Dataset entries
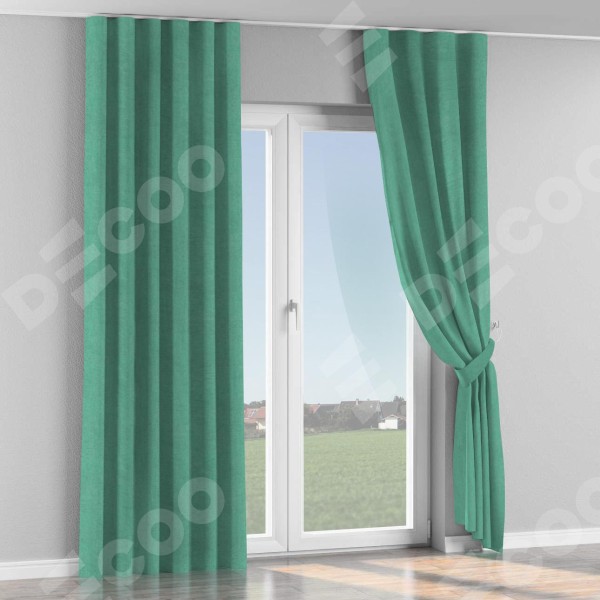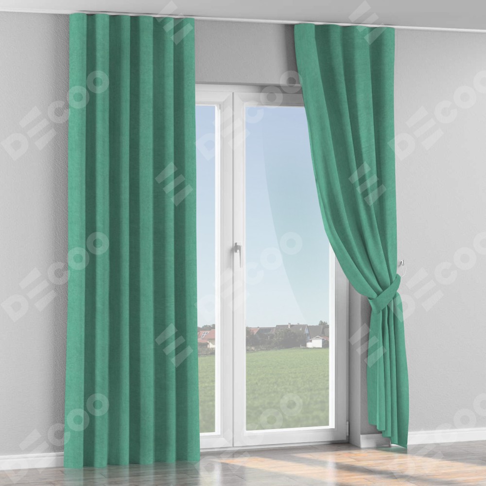 Комплект прямых штор, от производителя «Cortin», пошиты из ткани канвас мятный, артикул ткани v-248. С изнаночной стороны в верхней части штор пристрачивается шторная лента с декоративными складками «Волна». Для создания элегантных складок прямые шторы шьются по стандарту с коэффициентом 1:2 (на 100 см. ширины проёма 200 см. ширины ткани).
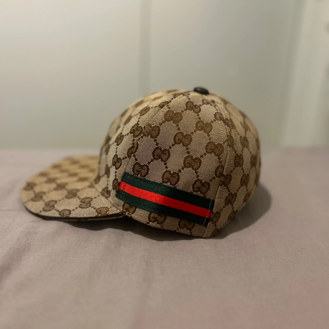 Snygg beige keps från klassiskt GG-monogram i brunt över hela kepsen. På sidan finns den ikoniska gröna och röda randen. Justerbar rem baktill i mörkbrunt. Perfekt för dig som vill ha en lyxig och trendig accessoar.
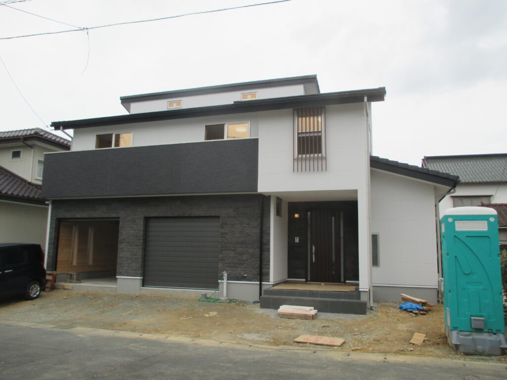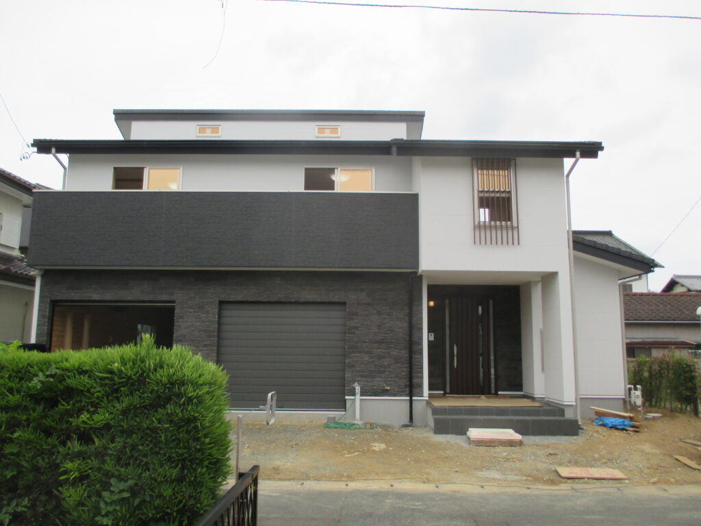 車3台分のインナーガレージが最大の特徴です。屋根は平瓦で外壁はALC版です。浴室も在来工法で外部の坪庭を見ながら入る旅館のような和風のお風呂です。
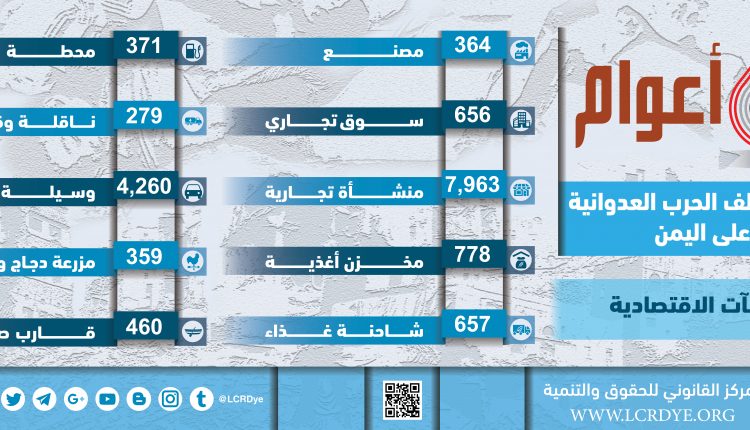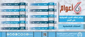 احصائيات المنشآت الاقتصادية نتيجة الغارات التي تشنها قوات التحالف السعودي خلال 6 أعوام منذ بداية العدوان على اليمن On مارس 28, 2021 Share FacebookTwitterGoogle+ReddItWhatsAppPinterestالبريد الإلكتروني
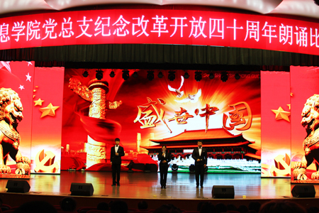 学生诗歌朗诵比赛主题鲜明,选手朗诵语言流畅、语调铿锵有力、节奏协调,韵味十足,各位参赛同学以饱满的热情、激昂的语调讴歌了改革开放四十周年来我国取得的重大发展。赛场上选手们自然大方的举止,充分体现了我院学生朝气蓬勃、昂扬奋进的精神面貌。本次比赛,旨在通过朗诵演绎的方式,热情讴歌改革开放以来全国各族人民在党的领导下,在经济建设、政治建设、文化建设、社会建设、生态文明建设以及全面建成小康社会、全面深化改革、全面推进依法治国、全面从严治党中取得的伟大成就,弘扬正能量,营造积极向上的校园文化氛围,展现当代大学生热爱祖国,积极向上的精神风貌。
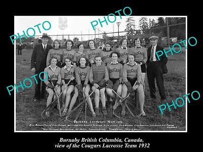 OLD LARGE HISTORIC PHOTO OF BURNABY BC CANADA, THE COUGARS LACROSSE TEAM c1932
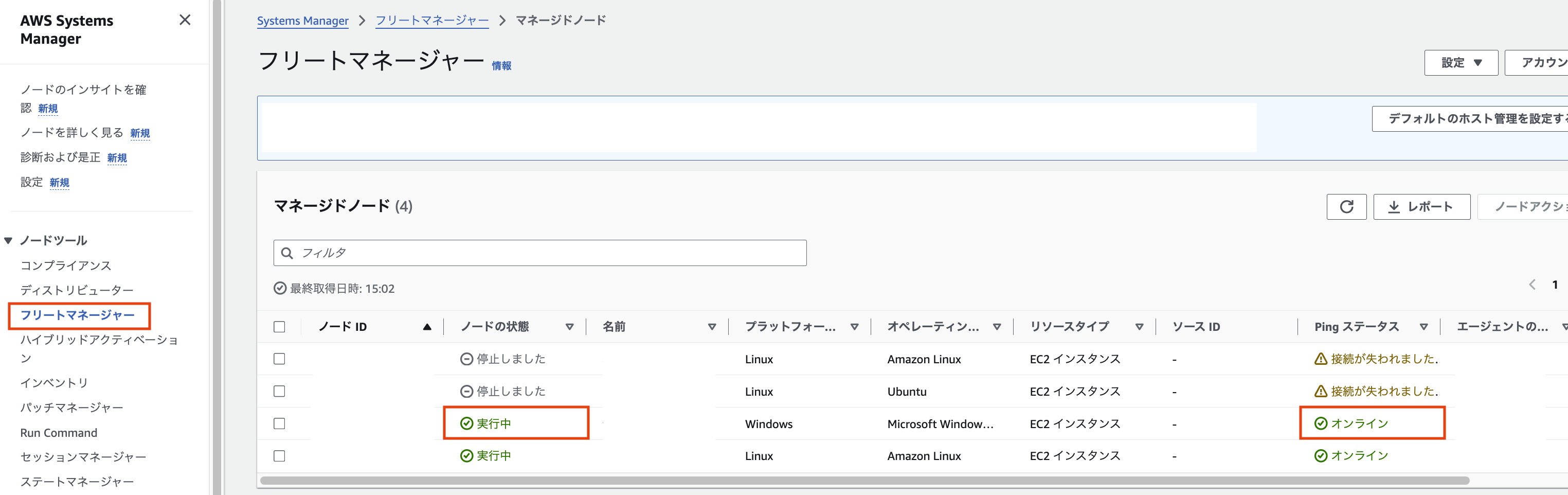- マネージドノードの一覧で対象のサーバが以下の状態であることを確認します。
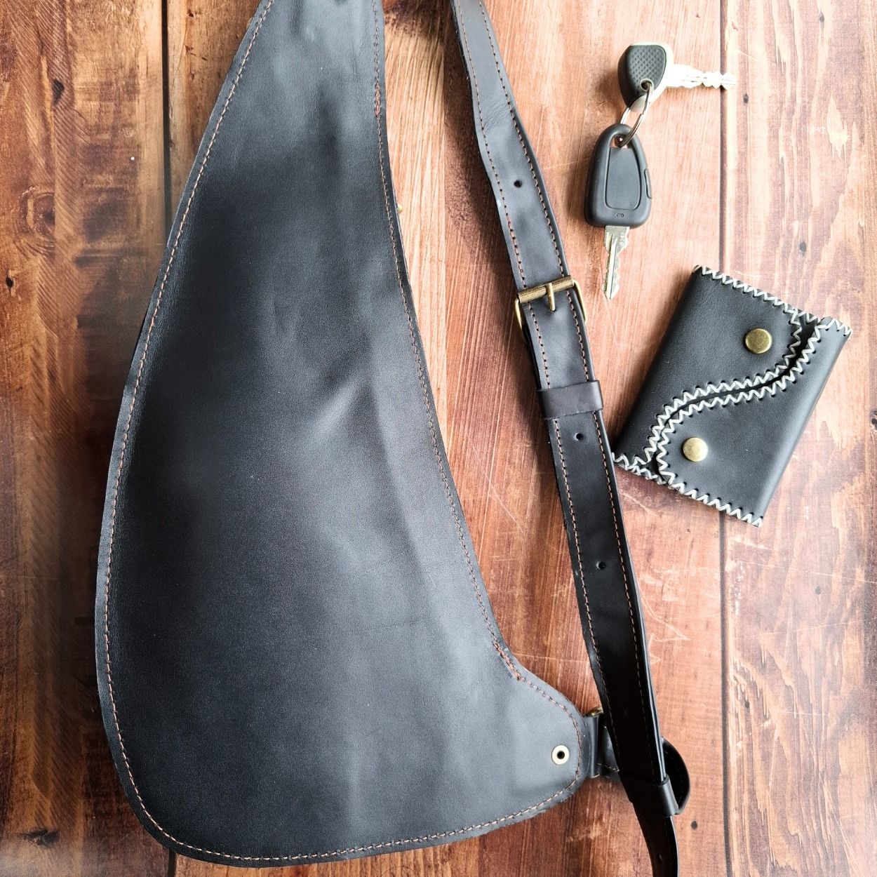 Gardez vos essentiels à portée de main avec style. Sacoche holster homme en cuir véritable, faite main, pour ceux qui veulent se libérer du superflu.
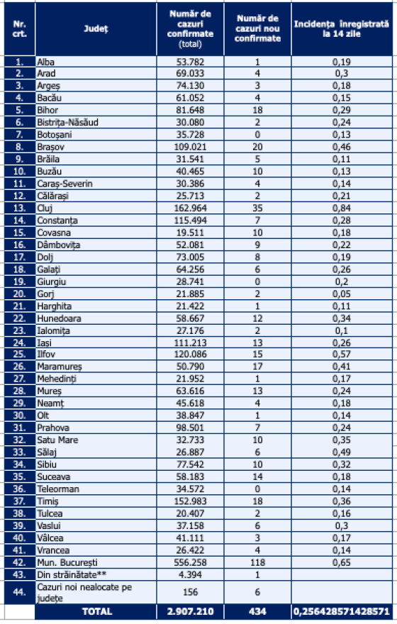 Teleorman, Giurgiu és Botoşani megyében egyetlen új megbetegedést sem jegyeztek.
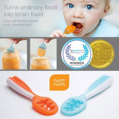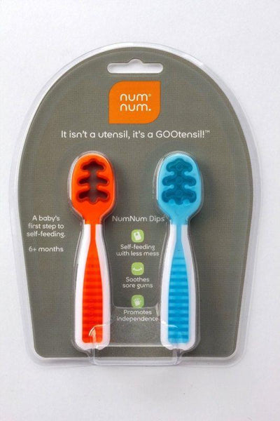 Pre-Spoon GOOtensils. The revolutionary new first step to self-feeding, the NumNum GOOtensil is sold in a dual-stage two-pack. Its innovative desi gn makes it easier to use than a spoon because there's no wrong way to hold it. The blue GOOtensil, which doubles as a feeding teether, is for kids using a utensil for the first time so it grabs just enough food to give baby a taste of self-feeding independence. The orange GOOtensil is for thicker blends and kids who have mastered the food-to-mouth motion. Before long, your baby will begin making a scooping motion, an indication he or she is ready to graduate to the spoon. NumNum, indeed! The NumNum GOOtensil includes two pre-spoons – Stage One for thinner purees, and Stage 2 for thicker purees. Dishwasher safe. The GOOtensil grabs just enough food for baby, while leaving very little mess. Reduces frustration and builds independence. Over time your baby will begin scooping the food, an indication he or she is ready for the spoon. Safe Materials: NumNum uses FDA-grade TPE and foodgrade polypropylene, which are both hypoallergenic and free of PVC, BPA and phthalates
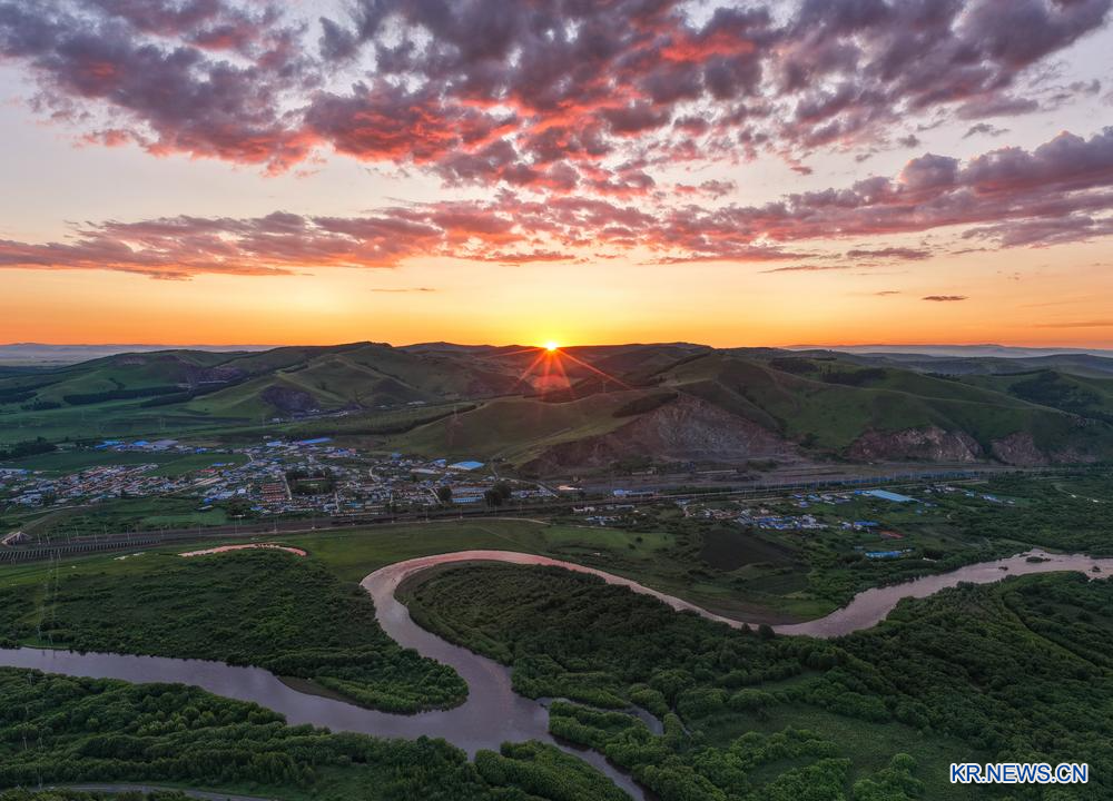 11일 네이멍구(內蒙古)자치구 후룬베이얼(呼倫貝爾)시에 위치한 몐두허(免渡河)국가습지공원의 일출을 드론에 담았다.
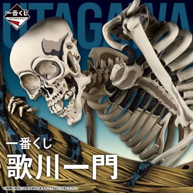 「一番くじ 歌川一門」では、歌川一門の数々の名作を商品化。「一番くじ(BANDAI SPIRITS)」公式X(@ichibanKUJI)にポストされた初報では、浮世絵師・歌川国芳によって描かれた「相馬の古内裏」より、巨大な骸骨のアイテムが紹介されている。
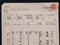【運転スタフ】 「千歳線特急気動車」 札幌運転所 13仕業7- 平成8年2月15日 特急気 十勝 38D 南千歳→札幌 スタフ1枚/押印有 ケース無/状態 優 |
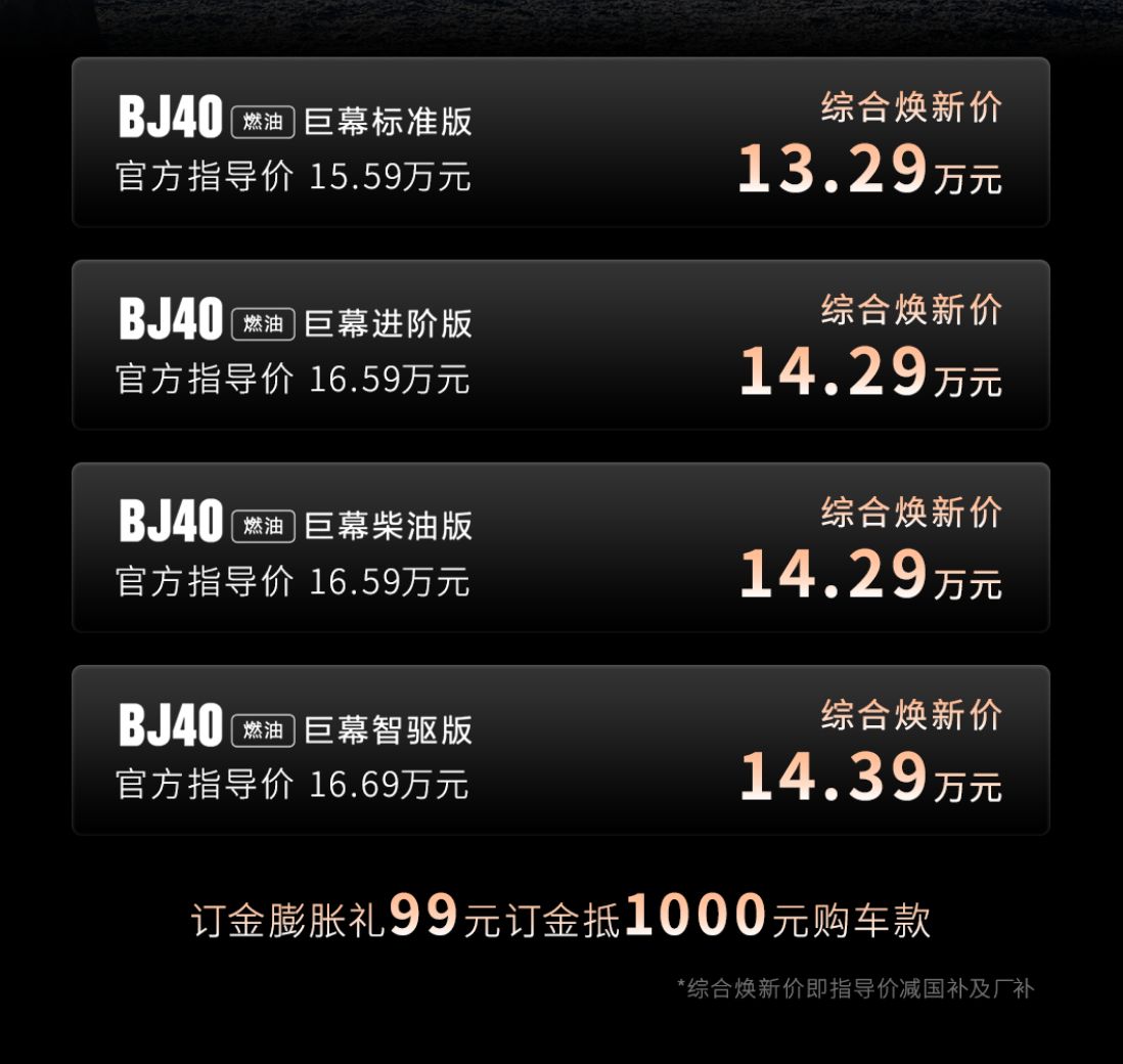 北京越野BJ40燃油巨幕版官方指导价15.59—16.69万元,综合焕新价低至13.29万元。北京越野送上订金膨胀礼:1月27日下订,即可享受“99元订金抵1000元购车款”优惠政策。
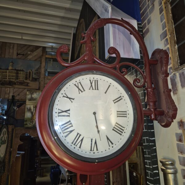 Stijlvolle aluminium stationsklok met dubbelzijdige wijzerplaat. Werkt op batterijen.
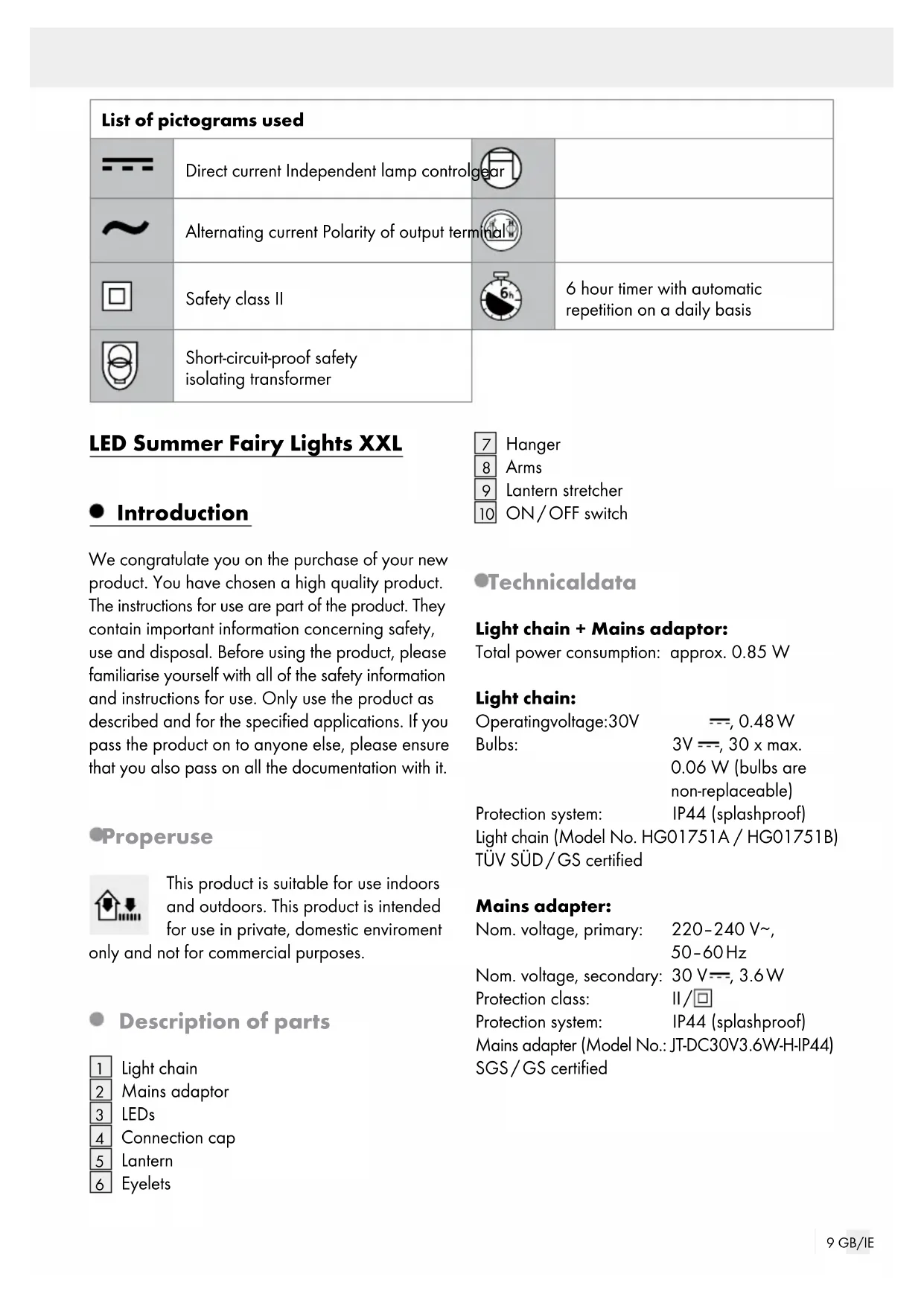 SGS / GS certified10 GB/IE Included items 1 LED Summer Fairy Lights XXL 15 lanterns 1 mains adapter 1 operating instructions Safety information

- **What to produce**:
Return nothing except the lines from the one containing "北京越野BJ40燃油巨幕版官" through the final line of the data, copied exactly. Leave out all pictures.

- **Finished task**:
 北京越野BJ40燃油巨幕版官方指导价15.59—16.69万元,综合焕新价低至13.29万元。北京越野送上订金膨胀礼:1月27日下订,即可享受“99元订金抵1000元购车款”优惠政策。
 Stijlvolle aluminium stationsklok met dubbelzijdige wijzerplaat. Werkt op batterijen.
 SGS / GS certified10 GB/IE Included items 1 LED Summer Fairy Lights XXL 15 lanterns 1 mains adapter 1 operating instructions Safety information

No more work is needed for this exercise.